Figure 2: Structure of salcaprozate sodium.
In summary, due to the extreme short half-life of
GLP-1 receptor agonists, 3 out of 4 excipients used
have the ability of improving bioavailability and film
formation. Undoubtedly, the general excipients like
filler, disintegrant and binder should be include.
Additionally, the formulation of Rybelsus shows that
most of the excipient should be provided with the
ability to enhance the bioavailability and some
general function.
2.2 Freeze Drying, Granulation and
Direct Compresssion
Both freeze drying and granulation are common in
the manufacture of tablet. However, as a peptide drug
that belong to the biologics, it is more common to
include freeze drying instead of granulation in the
manufacture process due to the similarity between
peptide and protein. Basically, peptide is a short
chain of amino acid that combined by peptide bond,
and the peptide that include over about 50 amino acid
is the big molecule that been named as protein
(Hamley, 2020). The reason of using freeze drying is
that the peptide could denature if it experienced a
high temperature condition so the efficacy of peptide
drug could be reduced (Hamley, 2020). Freeze drying
is a process that dries the peptide drug by place it in
extreme low temperature to turn it into solid state
which is a more stable state because the peptide could
hardly form a chemical reaction such as oxidation
and hydrolysis etc (Rey, 2010).
The process of freeze drying generally involve 3
main steps: 1. Freezing 2. Primary drying or
sublimation of ice 3. Secondary drying of unfrozen
water (Rey, 2010).
In the freezing stage the peptide drug would
usually be put into a condition that the temperature is
about -40°C or even colder for a period of time to
freeze the water completely. The freezing stage is the
most vital part in the whole freeze drying process as
this step would vastly affects the speed on
reconstitution, the duration of freeze drying cycle, the
proper crystallization and the stability of the product.

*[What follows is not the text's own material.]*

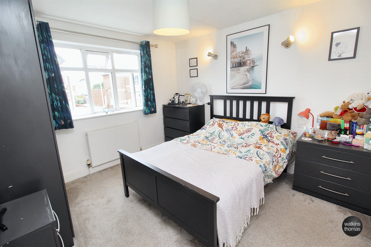 With front aspect double glazed window, panelled radiator, two wall lights and door to en-suite shower room.

In the primary drying, the product of last process will
be placed in a vacuum environment and the product
will be heat up to sublimate the ice particles. It is
crucial that the thermal energy has been provided and
the sublimation of ice reach a balance, so the API
could remain active. Some residuary water may
remain in the product, so the goal of secondary drying
is to remove the residuary water but not to dry it
excessively (ensure the appropriate moisture of the
product) (Rey, 2010). Overall, the proper freeze
drying could be a appropriate technique that can
apply to the manufacture of oral GLP-1 receptor
agonists for a few reasons summarised as keeping the
biologics active and ensuring the GLP-1 receptor
agonists would not have adverse reactions. The
drying chamber that participate in the freeze-drying
process has shown in Fig. 3 with its structure (Garcia-
Amezquita, 2016).
Analysis of Possible Ingredient and Manufacture Steps of Oral GLP-1 Receptor Agonists
323
Figure 3: A freeze dryer.
In fact, granulation is a relatively less common
pharmaceutical process that apply to biologics and
peptide drug. However, according to the Novo
Nordisk’s public assignment report, the company
involved the granulation step in the manufacture
process instead of the freeze drying (European
Medicines Agency, 2020), which stated that
granulation can be applied to GLP-1 receptor
agonists as semaglutide falls into the category of
DLP-1 receptor agonists. In the second half part of
this section, the author will analyze the possibility
and appropriateness of different granulation when
applying to the actual production of oral GLP-1
receptor agonists.
The granulation can be divided into 2 types: wet
granulation and dry granulation. Basically, the main
difference is wether the API would be put into a
solvent.
Figure 4: Dry granulation.
Figure 5: Direct compression.
The two main solvent that been used in wet
granulation are aqueous and organic solvent.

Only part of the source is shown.